Anyways coming to APIs' in TimelineWriter which Haibo referred to in his
comment above, TimelineWriter is an interface so we cannot really talk about
HBase flush functionality in the javadoc here. Probably can be mentioned as an
example.
Also, we can split the APIs' or even pass a flag to write API and explain in
javadoc that you should call flush mandatorily after write for sync calls and
that should also flush buffered async calls if there is any buffering.

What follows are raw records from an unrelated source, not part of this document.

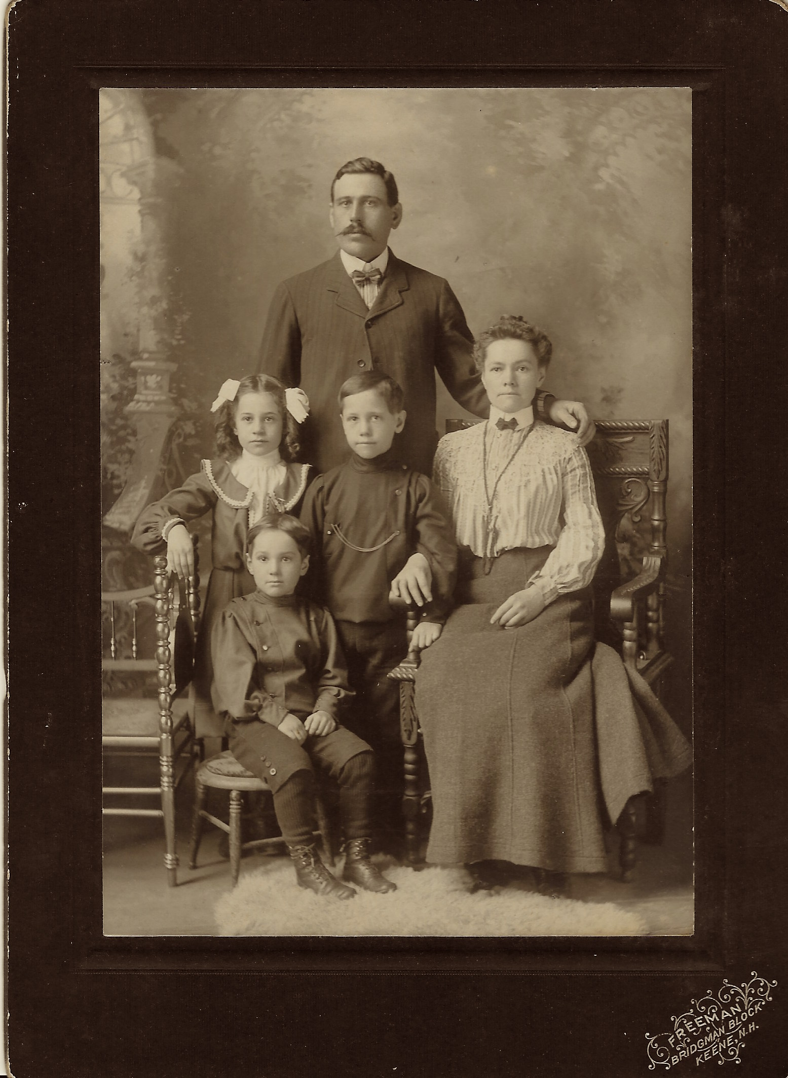 Amos Rheaume and his family pose for their portrait at the studio of W. G. Freeman in Keene, New Hampshire. Amos and his wife and three children comprise an attractive family. W. G. Freeman was a photographer in Keene between 1901 and 1905. At some point he moved his business to Bellow Falls, Vermont where he appears in city directories from at least 1910 through 1918. (SOLD)
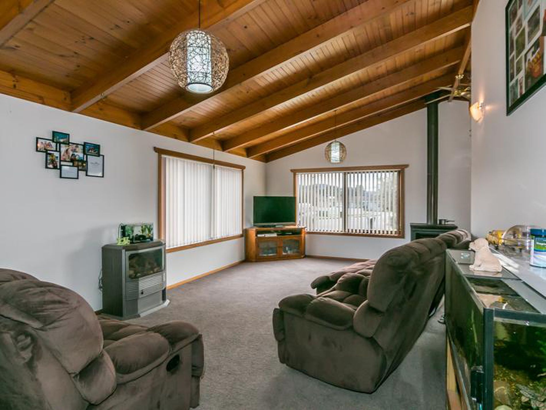 .The living area is open plan with formal dining and is warmed with wood heating or gas if you prefer
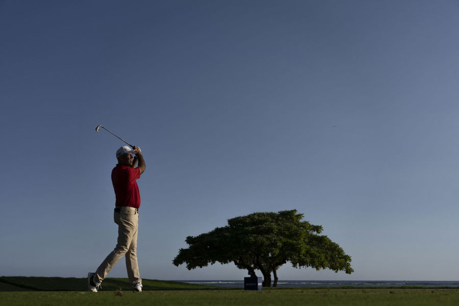 January 15, 2022; Honolulu, Hawaii, USA; Stewart Cink hits his tee shot on the 17th hole during the third round of the Sony Open in Hawaii golf tournament at Waialae Country Club. Mandatory Credit: Kyle Terada-USA TODAY Sports

But if this is what we want writer (which is a pluggable interface) to do
mandatorily and essentially writer implementation would also need to call write
followed by flush for sync, can't we simply ensure the sequence from
TimelineCollector itself? Is there some scenario where you think an explicit
separate API will be useful?
Thoughts?
> Implement TimelineCollector#putEntitiesAsync
> --------------------------------------------
>
> Key: YARN-6357
> URL: https://issues.apache.org/jira/browse/YARN-6357
> Project: Hadoop YARN
> Issue Type: Sub-task
> Components: ATSv2, timelineserver
> Affects Versions: YARN-2928
> Reporter: Joep Rottinghuis
> Assignee: Haibo Chen
> Labels: yarn-5355-merge-blocker
> Attachments: YARN-6357.01.patch, YARN-6357.02.patch
>
>
> As discovered and discussed in YARN-5269 the
> TimelineCollector#putEntitiesAsync method is currently not implemented and
> TimelineCollector#putEntities is asynchronous.
> TimelineV2ClientImpl#putEntities vs TimelineV2ClientImpl#putEntitiesAsync
> correctly call TimelineEntityDispatcher#dispatchEntities(boolean sync,...
> with the correct argument. This argument does seem to make it into the
> params, and on the server side TimelineCollectorWebService#putEntities
> correctly pulls the async parameter from the rest call. See line 156:
> {code}
> boolean isAsync = async != null && async.trim().equalsIgnoreCase("true");
> {code}
> However, this is where the problem starts. It simply calls
> TimelineCollector#putEntities and ignores the value of isAsync. It should
> instead have called TimelineCollector#putEntitiesAsync, which is currently
> not implemented.
> putEntities should call putEntitiesAsync and then after that call
> writer.flush()
> The fact that we flush on close and we flush periodically should be more of a
> concern of avoiding data loss; close in case sync is never called and the
> periodic flush to guard against having data from slow writers get buffered
> for a long time and expose us to risk of loss in case the collector crashes
> with data in its buffers. Size-based flush is a different concern to avoid
> blowing up memory footprint.
> The spooling behavior is also somewhat separate.
> We have two separate methods on our API putEntities and putEntitiesAsync and
> they should have different behavior beyond waiting for the request to be sent.